When the line with "Lokalny Punkt Informacyjny" turns up below, begin repeating exactly, and carry on through the line with "The SD2188 is"; no pictures go into the copy.
^^^^
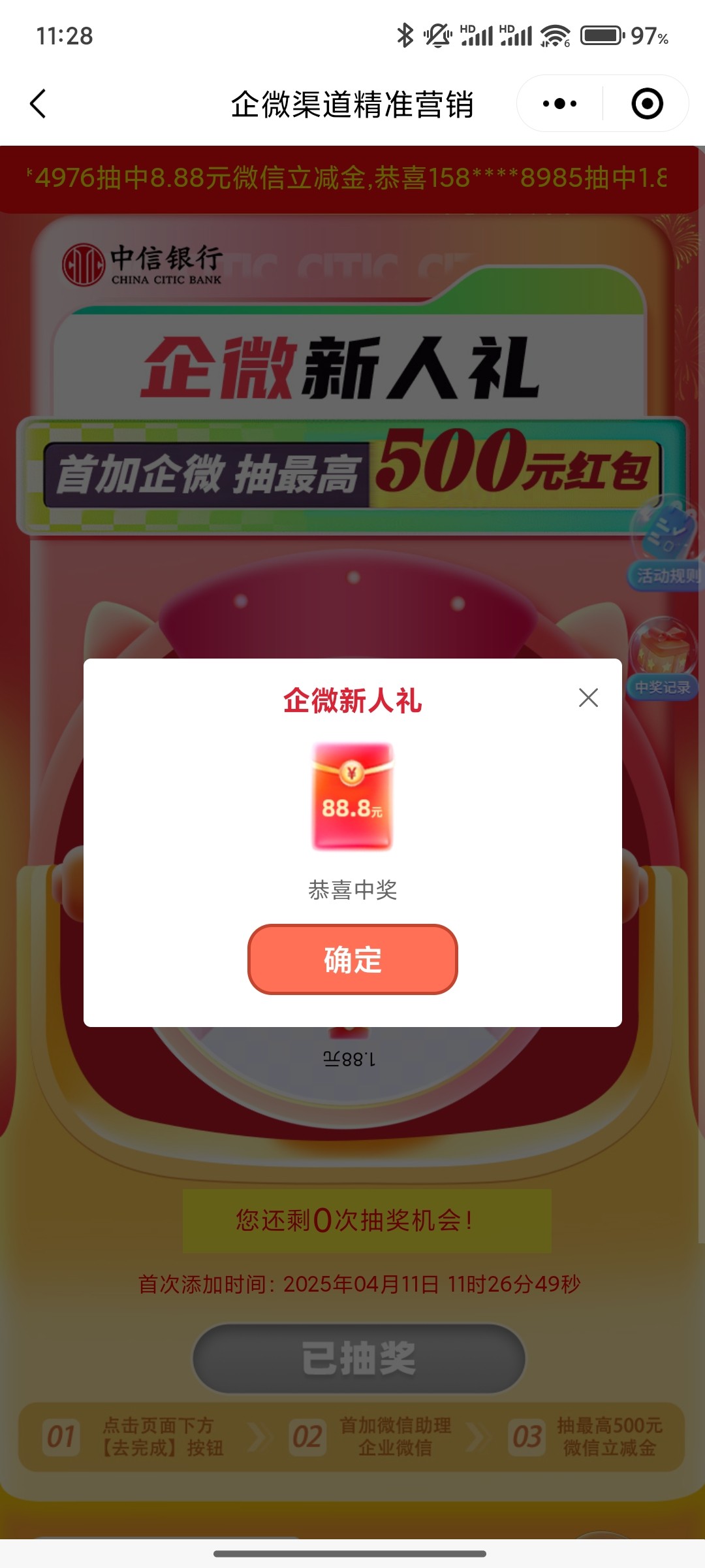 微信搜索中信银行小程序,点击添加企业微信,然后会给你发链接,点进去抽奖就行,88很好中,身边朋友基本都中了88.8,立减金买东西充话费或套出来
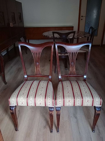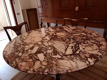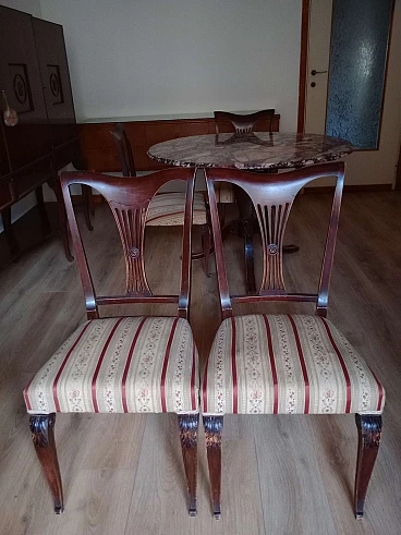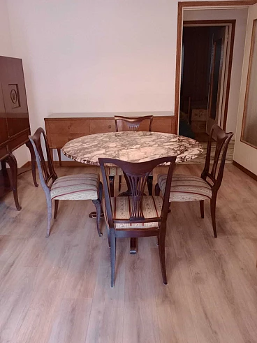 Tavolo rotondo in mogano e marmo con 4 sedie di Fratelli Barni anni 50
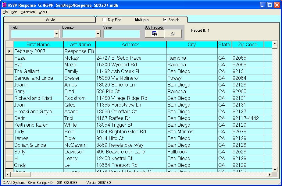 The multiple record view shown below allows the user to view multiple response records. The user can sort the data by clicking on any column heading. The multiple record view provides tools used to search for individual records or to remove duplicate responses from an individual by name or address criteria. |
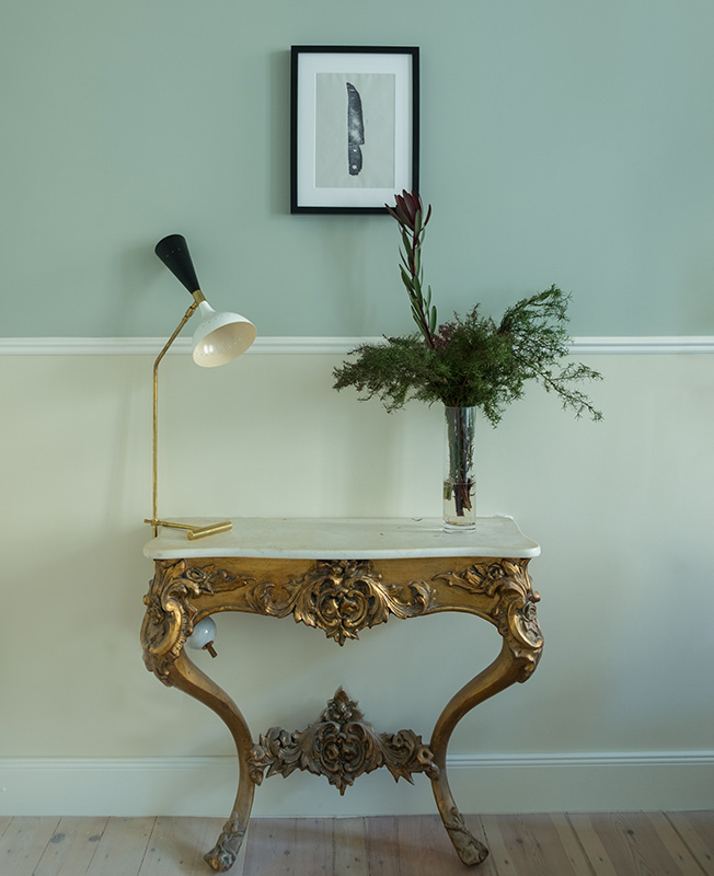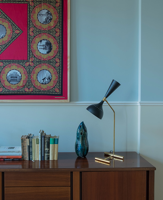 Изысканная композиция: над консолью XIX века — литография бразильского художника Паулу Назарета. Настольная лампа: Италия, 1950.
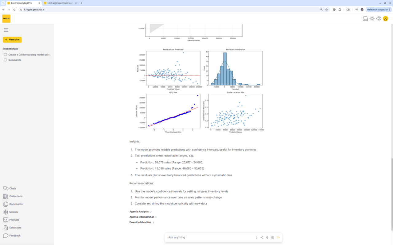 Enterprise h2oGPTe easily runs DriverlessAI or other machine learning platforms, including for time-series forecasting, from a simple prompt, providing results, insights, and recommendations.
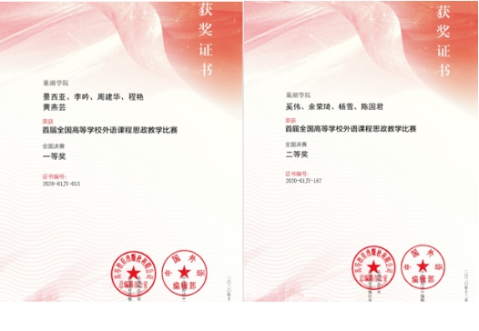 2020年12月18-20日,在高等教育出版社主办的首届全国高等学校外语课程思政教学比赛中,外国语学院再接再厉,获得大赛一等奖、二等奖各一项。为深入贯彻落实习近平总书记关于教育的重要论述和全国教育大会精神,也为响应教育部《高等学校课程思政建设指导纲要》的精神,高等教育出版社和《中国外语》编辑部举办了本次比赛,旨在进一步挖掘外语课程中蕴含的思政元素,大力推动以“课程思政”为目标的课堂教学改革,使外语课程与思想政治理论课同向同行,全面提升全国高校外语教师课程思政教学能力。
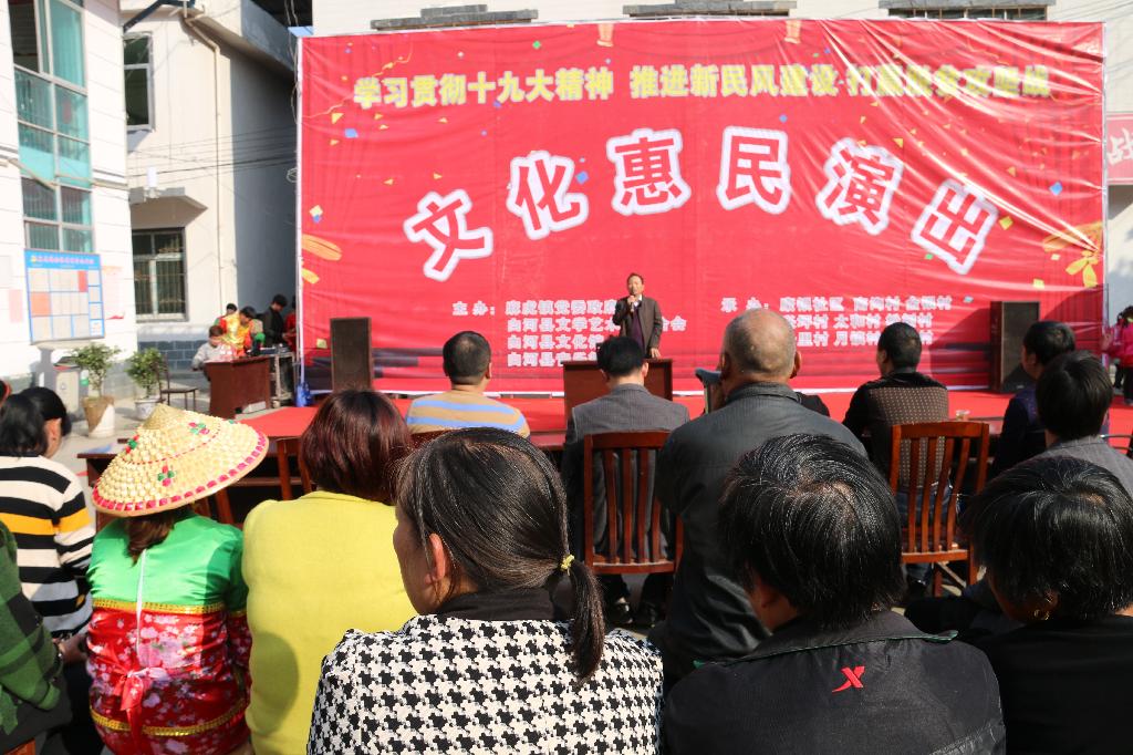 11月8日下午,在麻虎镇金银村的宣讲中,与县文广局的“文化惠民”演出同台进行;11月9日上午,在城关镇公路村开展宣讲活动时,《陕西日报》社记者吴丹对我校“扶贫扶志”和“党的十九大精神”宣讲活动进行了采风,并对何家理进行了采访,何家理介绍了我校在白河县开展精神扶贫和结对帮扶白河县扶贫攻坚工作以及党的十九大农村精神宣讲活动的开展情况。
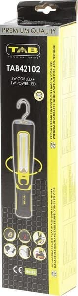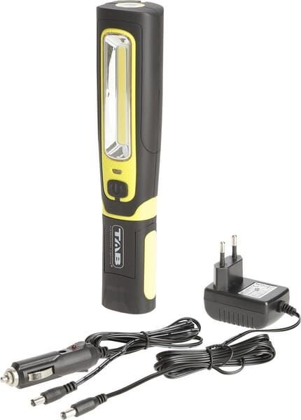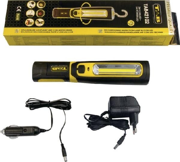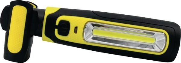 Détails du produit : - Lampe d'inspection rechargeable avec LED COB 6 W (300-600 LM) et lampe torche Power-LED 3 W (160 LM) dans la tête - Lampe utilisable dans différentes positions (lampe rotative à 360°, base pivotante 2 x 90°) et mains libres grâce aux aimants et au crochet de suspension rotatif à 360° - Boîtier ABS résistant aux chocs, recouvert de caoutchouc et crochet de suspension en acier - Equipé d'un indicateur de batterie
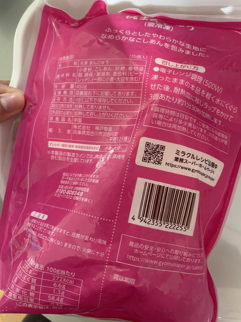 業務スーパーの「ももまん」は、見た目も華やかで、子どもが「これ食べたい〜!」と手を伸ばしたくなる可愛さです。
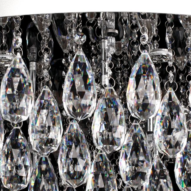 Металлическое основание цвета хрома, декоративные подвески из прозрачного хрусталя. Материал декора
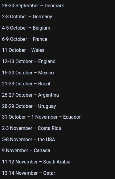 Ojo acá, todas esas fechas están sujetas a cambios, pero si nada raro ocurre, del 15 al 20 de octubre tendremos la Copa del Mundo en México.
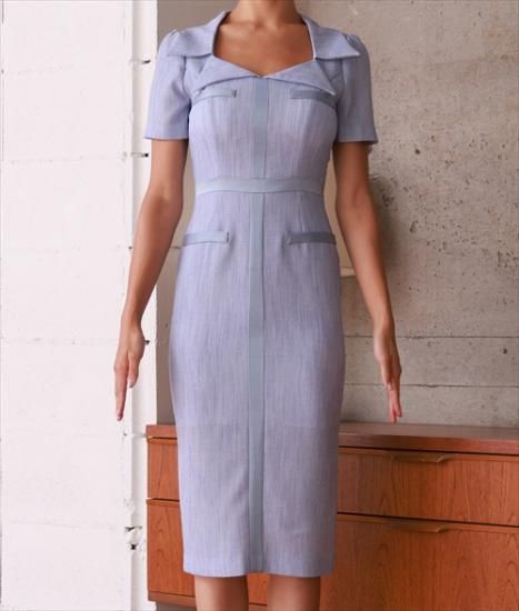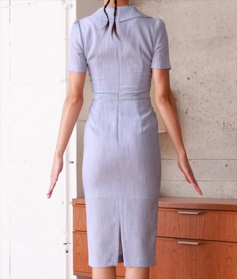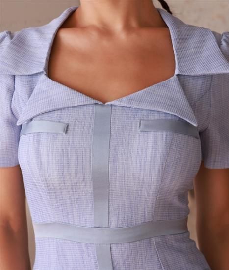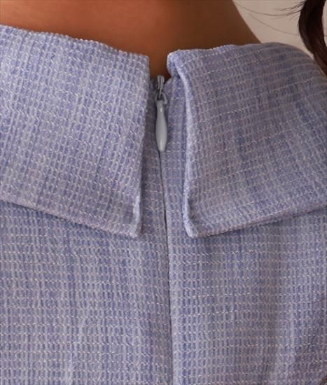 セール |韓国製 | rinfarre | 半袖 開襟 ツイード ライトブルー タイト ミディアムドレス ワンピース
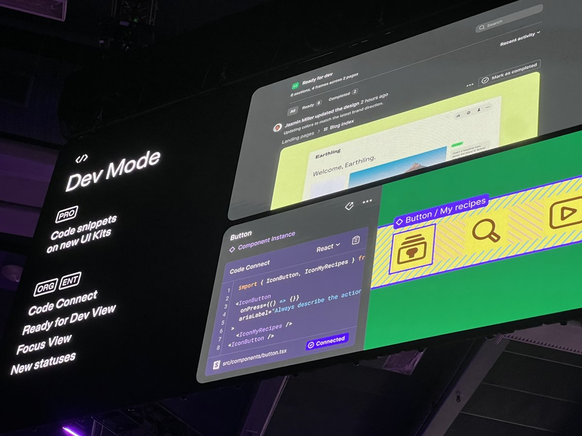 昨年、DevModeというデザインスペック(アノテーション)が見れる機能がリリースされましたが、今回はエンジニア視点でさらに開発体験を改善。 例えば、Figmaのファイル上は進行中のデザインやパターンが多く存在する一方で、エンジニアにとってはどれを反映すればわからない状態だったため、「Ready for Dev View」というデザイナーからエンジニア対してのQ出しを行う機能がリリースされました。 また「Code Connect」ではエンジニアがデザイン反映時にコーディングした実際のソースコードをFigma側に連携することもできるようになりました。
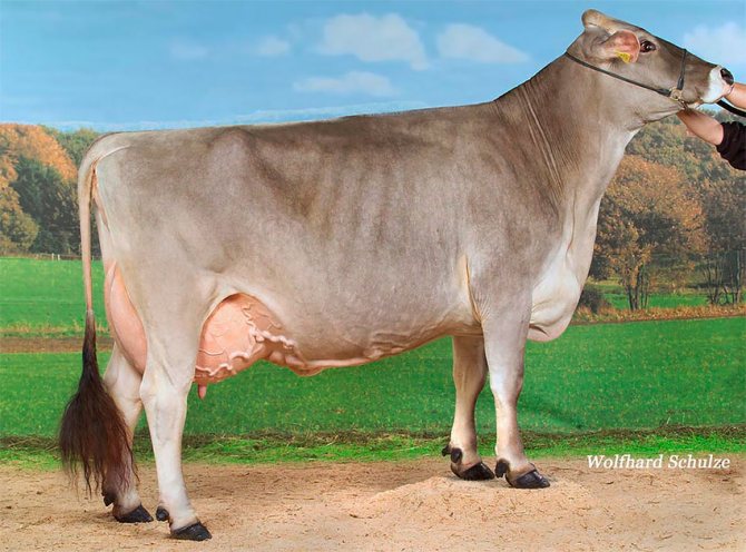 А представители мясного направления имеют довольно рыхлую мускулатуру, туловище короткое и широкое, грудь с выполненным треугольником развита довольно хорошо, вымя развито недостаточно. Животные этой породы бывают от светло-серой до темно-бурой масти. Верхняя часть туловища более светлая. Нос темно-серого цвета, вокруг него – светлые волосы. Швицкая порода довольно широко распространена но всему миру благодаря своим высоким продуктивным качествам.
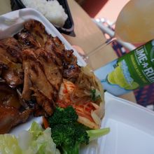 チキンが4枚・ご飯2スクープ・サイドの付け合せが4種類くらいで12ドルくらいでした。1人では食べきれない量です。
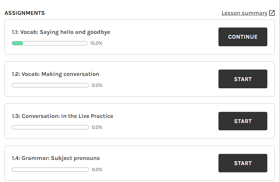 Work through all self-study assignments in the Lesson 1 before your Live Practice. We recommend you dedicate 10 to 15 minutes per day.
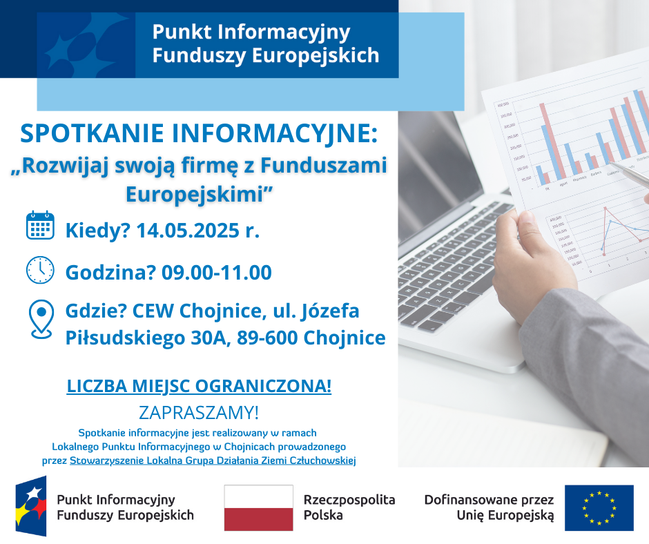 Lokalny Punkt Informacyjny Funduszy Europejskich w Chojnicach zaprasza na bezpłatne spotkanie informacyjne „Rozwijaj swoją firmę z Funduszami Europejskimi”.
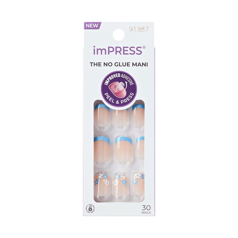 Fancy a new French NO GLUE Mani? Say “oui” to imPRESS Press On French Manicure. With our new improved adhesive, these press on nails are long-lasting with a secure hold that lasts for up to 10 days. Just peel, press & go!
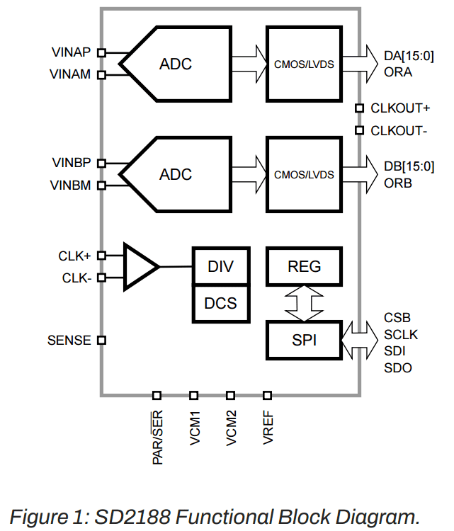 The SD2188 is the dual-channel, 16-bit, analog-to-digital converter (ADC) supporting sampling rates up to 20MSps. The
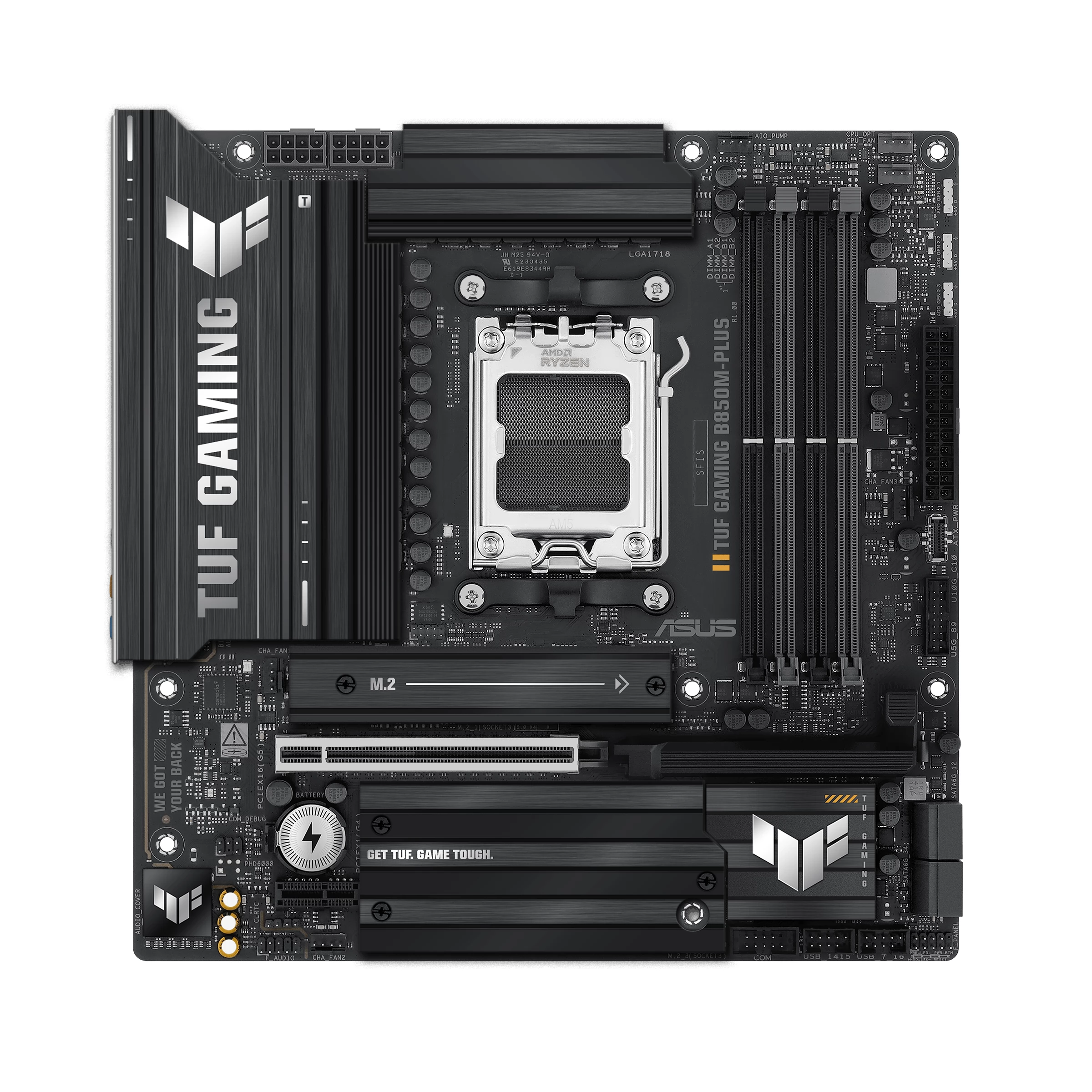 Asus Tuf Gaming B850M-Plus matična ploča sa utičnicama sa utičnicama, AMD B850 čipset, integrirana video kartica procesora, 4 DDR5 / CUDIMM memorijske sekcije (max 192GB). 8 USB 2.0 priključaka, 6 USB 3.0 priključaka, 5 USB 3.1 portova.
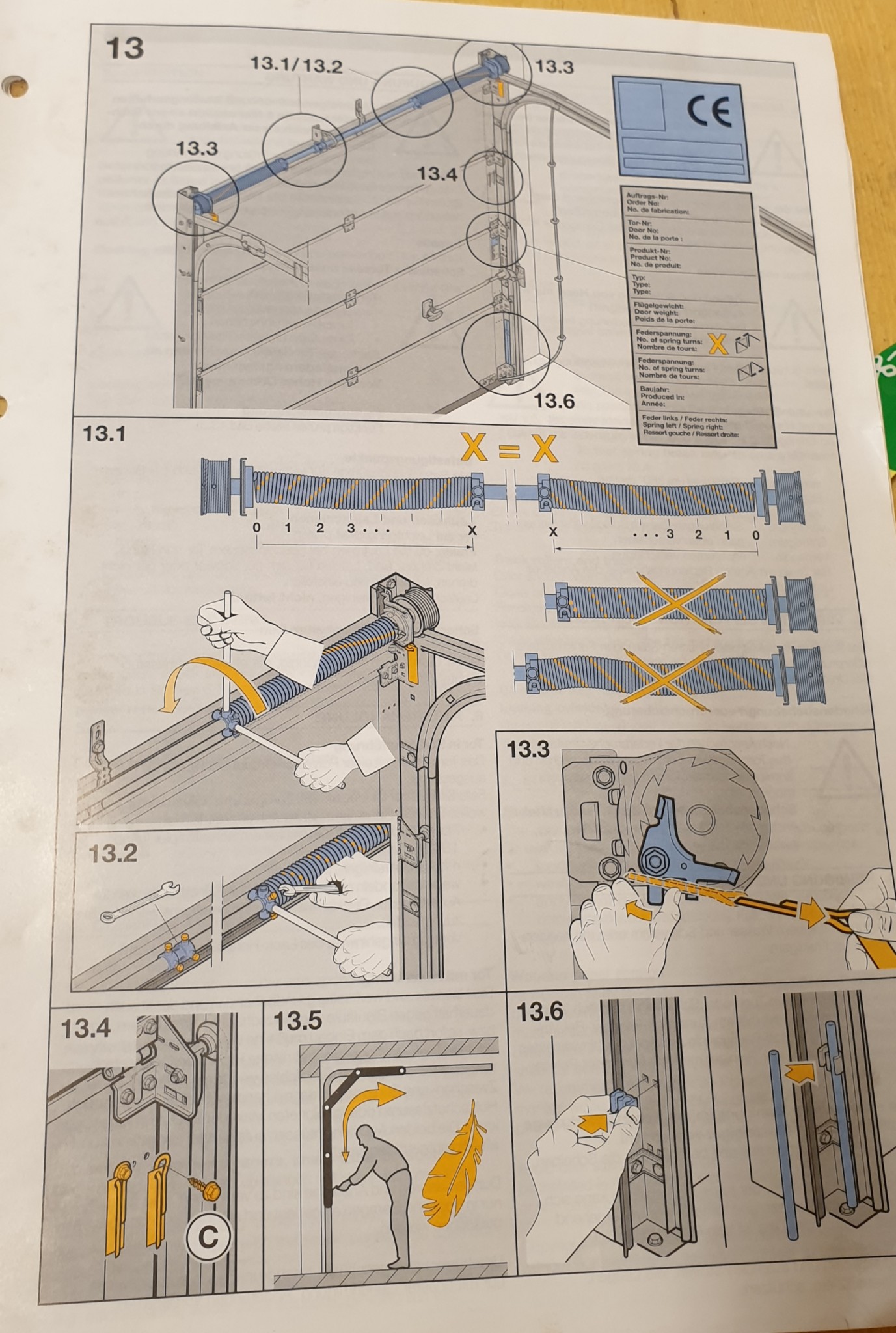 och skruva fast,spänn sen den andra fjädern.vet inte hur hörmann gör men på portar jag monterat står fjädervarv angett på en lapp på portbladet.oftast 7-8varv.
^^^^
* Exercise result
 Lokalny Punkt Informacyjny Funduszy Europejskich w Chojnicach zaprasza na bezpłatne spotkanie informacyjne „Rozwijaj swoją firmę z Funduszami Europejskimi”.
 Fancy a new French NO GLUE Mani? Say “oui” to imPRESS Press On French Manicure. With our new improved adhesive, these press on nails are long-lasting with a secure hold that lasts for up to 10 days. Just peel, press & go!
 The SD2188 is the dual-channel, 16-bit, analog-to-digital converter (ADC) supporting sampling rates up to 20MSps. The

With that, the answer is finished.